The dual adaptation mechanism leverages the interdependencies between temporal and spatial features by aligning their respective representations. Temporal attention outputs ${\mathbf{y}}_{{\ell }_t}$ are fused with spatial convolutional outputs ${\mathbf{y}}_{{\ell }_s}$ to create a unified representation:

$${\mathbf{y}}_{\mathrm{fused}}=\alpha ·{\mathbf{y}}_{{\ell }_t}+(1-\alpha )·{\mathbf{y}}_{{\ell }_s},$$

(11)

where $\alpha$ is a learnable weight parameter balancing the contributions of temporal and spatial features. This fusion step ensures that the model captures nuanced interactions between these domains effectively.
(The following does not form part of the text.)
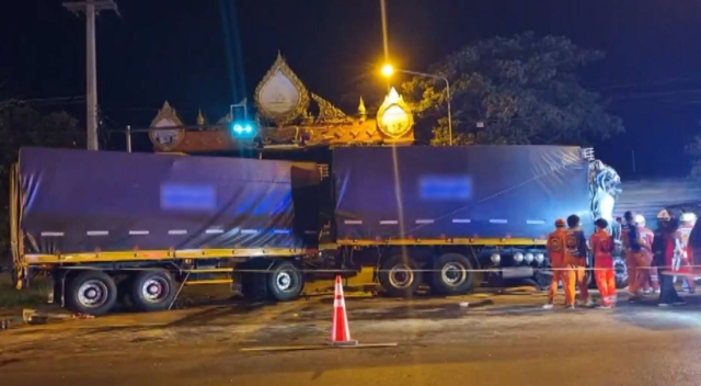 เมื่อเวลาประมาณ 23.30 น. (9 มี.ค. 2569) พ.ต.ท.สุทัศน์ สายกระสุน สารวัตรสอบสวน สภ.หนองกี่ จ.บุรีรัมย์ ได้รับแจ้งเกิดอุบัติเหตุหมู่ รถพ่วงพุ่งชนท้ายสิบล้อและกระบะที่จอดติดไฟแดง 4 คันรวด กลางสี่แยก บนถนนทางหลวงแผ่นดินหมายเลข 24 สายโชคชัย-เดชอุดม บริเวณบ้านสระขุด ต.ทุ่งกระเต็น อ.หนองกี่ มีผู้บาดเจ็บและเสียชีวิตหลายราย ทั้งยังมีสุกรตายอีกหลายร้อยตัว จึงได้ประสานหน่วยแพทย์ฉุกเฉิน รพ.หนองกี่ พร้อมด้วยสมาคมกู้ภัยหนองกี่, สมาคมกู้ภัยโนนดินแดง, กู้ภัยสว่างลำปลายมาศ, กู้ภัยสว่างโนนสุวรรณ, กู้ภัยสว่างจรรยาธรรมบุรีรัมย์, กู้ภัยทางหลวงบุรีรัมย์, กู้ภัยพุทไธสวรรค์จุดลพบุรี และเจ้าหน้าที่กู้ชีพ อบต.ทุ่งกระเต็น ให้การช่วยเหลือผู้ประสบเหตุอย่างเร่งด่วน

3.3. Optimization and Loss Function

To optimize MiLoRA-ViSum, we employ a novel multi-task loss function that integrates the summarization loss with a regularization term to balance the contributions of temporal and spatial adaptations, while effectively leveraging the Mixture of LoRA Experts (MiLoRA). This innovative approach ensures that the model captures intricate temporal and spatial dependencies in a computationally efficient manner. The overall loss function is formulated as:

$$\mathcal{L}(\Theta )={\mathcal{L}}_{\mathrm{sum}}(\mathbf{y},{\mathbf{y}}_{\mathrm{true}})+{\lambda }_t\sum _{{\ell }_t}\sum _{k=1}^K\left(\parallel {\mathbf{B}}_{{\ell }_t}^{\left(k\right)}{\parallel }_F^2+{\parallel {\mathbf{A}}_{{\ell }_t}^{\left(k\right)}\parallel }_F^2\right)+{\lambda }_s\sum _{{\ell }_s}\sum _{k=1}^K\left(\parallel {\mathbf{B}}_{{\ell }_s}^{\left(k\right)}{\parallel }_F^2+{\parallel {\mathbf{A}}_{{\ell }_s}^{\left(k\right)}\parallel }_F^2\right),$$

(12)

where ${\mathcal{L}}_{\mathrm{sum}}(\mathbf{y},{\mathbf{y}}_{\mathrm{true}})$ is the summarization loss measuring the discrepancy between the predicted summary $\mathbf{y}$ and the ground truth summary ${\mathbf{y}}_{\mathrm{true}}$, using metrics such as cross-entropy loss. The terms ${\lambda }_t$ and ${\lambda }_s$ are regularization coefficients for temporal and spatial adaptations, respectively. The Frobenius norm ${\parallel ·\parallel }_F^2$ penalizes large weights in the low-rank matrices ${\mathbf{B}}_{{\ell }_t}^{\left(k\right)}$, ${\mathbf{A}}_{{\ell }_t}^{\left(k\right)}$, ${\mathbf{B}}_{{\ell }_s}^{\left(k\right)}$, and ${\mathbf{A}}_{{\ell }_s}^{\left(k\right)}$, ensuring sparsity and stability across the k-th mixture of experts.

The mixture-of-experts framework allows each expert k to specialize in a subset of temporal or spatial features, dynamically contributing to the final adaptation. The combination of outputs from all experts is computed as:

$$\Delta {\mathbf{W}}_{{\ell }_t}=\sum _{k=1}^K{g}_k\left(\mathbf{z}\right)\left({\mathbf{B}}_{{\ell }_t}^{\left(k\right)}{\mathbf{A}}_{{\ell }_t}^{\left(k\right)}\right),\Delta {\mathbf{W}}_{{\ell }_s}=\sum _{k=1}^K{g}_k\left(\mathbf{z}\right)\left({\mathbf{B}}_{{\ell }_s}^{\left(k\right)}{\mathbf{A}}_{{\ell }_s}^{\left(k\right)}\right),$$

(13)

where $g_k\left(\mathbf{z}\right)$ is a gating function based on input $\mathbf{z}$, ensuring that only the most relevant experts are activated for a given input. This dynamic gating mechanism enhances the flexibility and efficiency of the model.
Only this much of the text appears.